Pour
la plupart des économistes, il va de soi qu'une banque centrale
s'implique lorsqu'une crise monétaire se profile à l'horizon. Mais dans l'histoire de Wall Street, il fut un temps où de riches financiers ont mis l'épaule à la roue...
Au cours
des deux
derniers siècles, les gouvernements ont justement créé ces banques
centrales pour gérer leur monnaie par le biais de ces monopoles d'État. Ces banques centrales
ont le mandat d'imprimer et de gérer l'offre de monnaie dans une
économie.
Or,
il fut un temps où il n'y avait pas de banques centrales. À une
certaine époque, les crises bancaires n'étaient pas rares, mais elles ne
laissaient
pas autant de sang sur le plancher. Pis encore, en 1907 ce sont de
riches financiers de Wall Street - avec un peu d'aide du gouvernement -
qui ont allongé les milliards pour sauver leur industrie financière.
Ce
qu'on en apprend des choses lorsqu'on lit de bons papiers écrits par de
brillants jeunes étudiants. Nicholas Corriveau, finissant du programme
Droit et société du collège Dawson, m'a appris un fait historique qui
ne doit pas passer inaperçu en ces temps de lancinante relance
économique.
Source: US Library of Congress Datastream |
C'est
John Pierpont Morgan lui-même qui a allongé 3,5 millions d'onces d'or
au Trésor américain - en échange d'obligations, bien sûr - pour éponger
une contraction de la quantité de monnaie dans le marché new yorkais de
1907. C'est l'équivalent de 5 milliards de dollars d'aujourd'hui.
JP
Morgan n'a pas agi seul. Ses collègues James Stillman (National City
Bank), et George Baker (First National Bank),
ont déposé 25 millions (dollars d'époque) dans les marchés pour assurer
une stabilité et rassurer le public.
Péril
en la demeure il y avait. N'étant pas expert en la matière, je me fie à
l'une des sources de Corriveau : Jon Moen, de l'université du
Mississippi,
tiré d'un site bien étoffé sur l'histoire économique des États-Unis,
riche de détails.
Collusion
sur les marchés de New York. Un investisseur aux combines redoutées, F.

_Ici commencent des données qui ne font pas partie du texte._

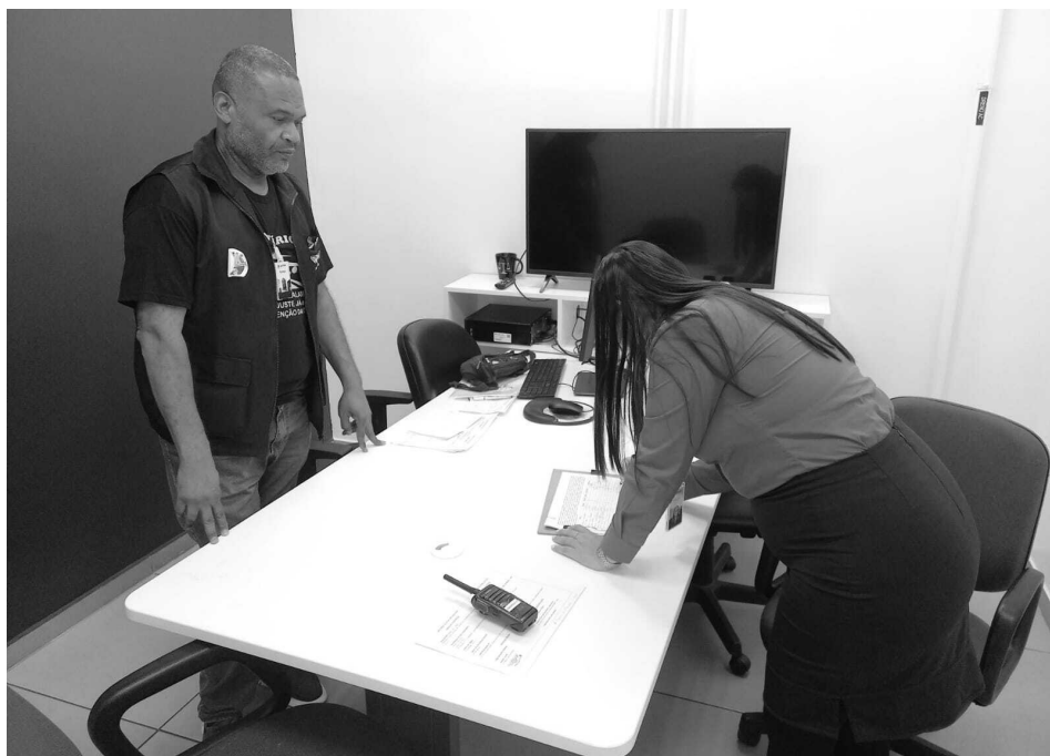
Ao total, 163 votantes participaram da assembleia.

Nesta segunda (20), das 7h às 18h, os aeroviários da LATAM puderam votar e decidiram, com 99% dos votos, por aprovar a proposta de Acordo Coletivo de Trabalho (ACT) negociada com representantes da empresa pelo Sindicato dos Aeroviários de Porto Alegre.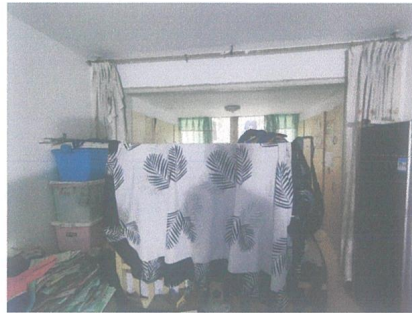
估价对象内部照片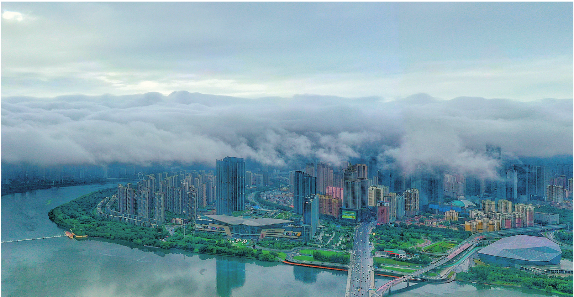
昨日下午5时许,降雨暂歇,沈阳城区上空被水汽笼罩。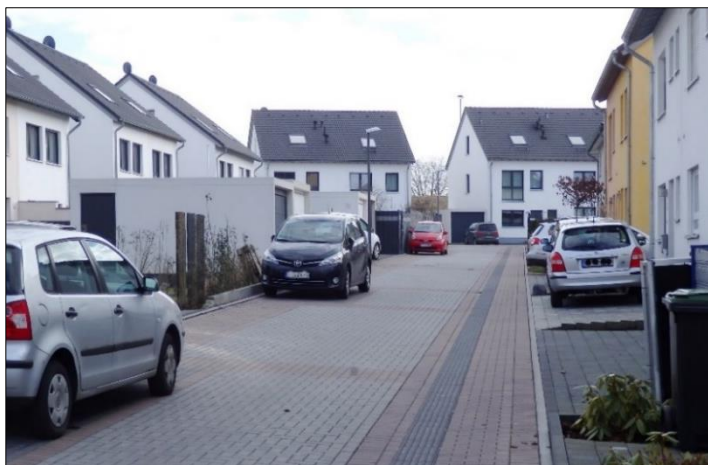
Nord-östliche Zufahrt in den Lontzenweg, Blick von der Schagenstraße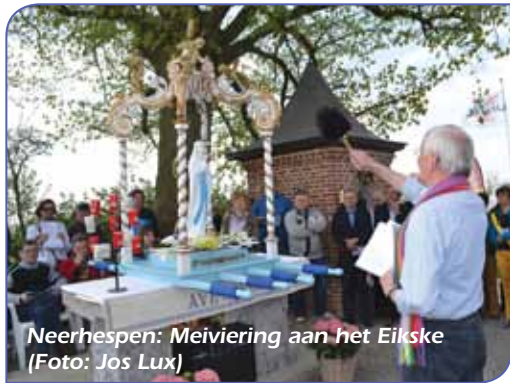
Neerhespen: Meiviering aan het Eikske

Zalen: Parochiezaal 'De Brukkes', Langstraat 54A, tel: 016/78.93.32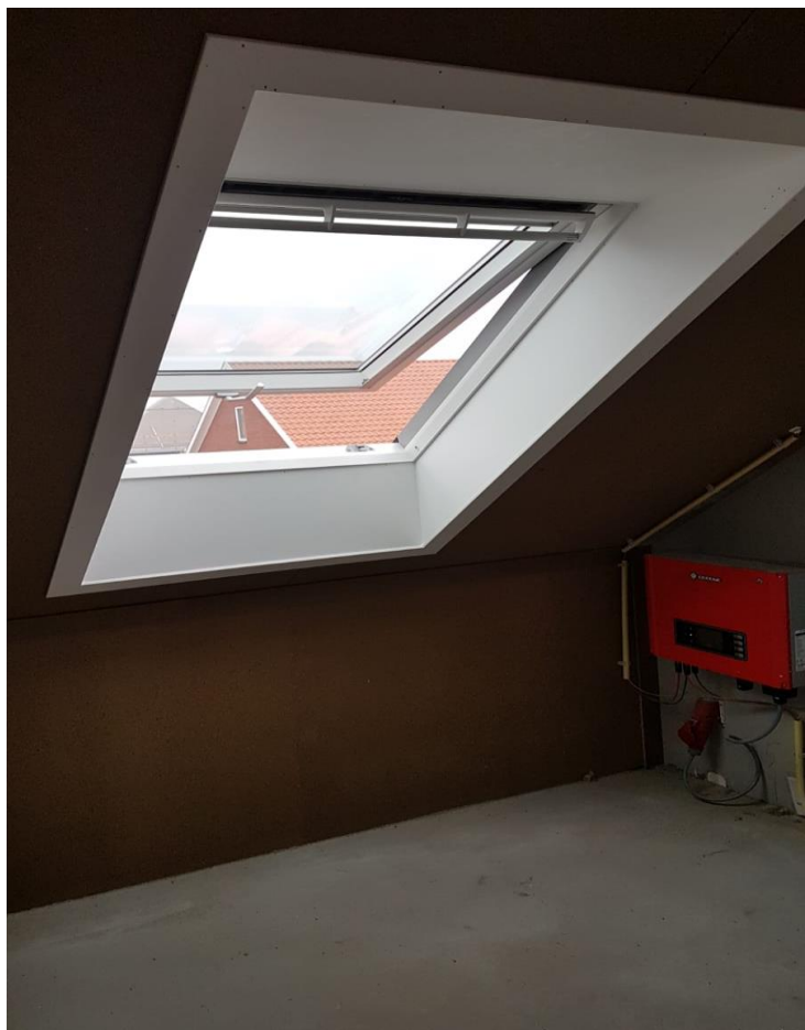
Los uitzet-tuimeldakraam, boven en onder schuin afgetimmerd

Augustus Heinze, a échoué à réaliser un « corner » sur une entreprise
de taille moyenne de l'époque, la United Copper Company. Heinze tentait
d'acheter toutes les parts disponibles de l'entreprise, et même plus
(les positions shorts), pour forcer les autres investisseurs à payer un
gros prix sur les actions qu'il voulait revendre.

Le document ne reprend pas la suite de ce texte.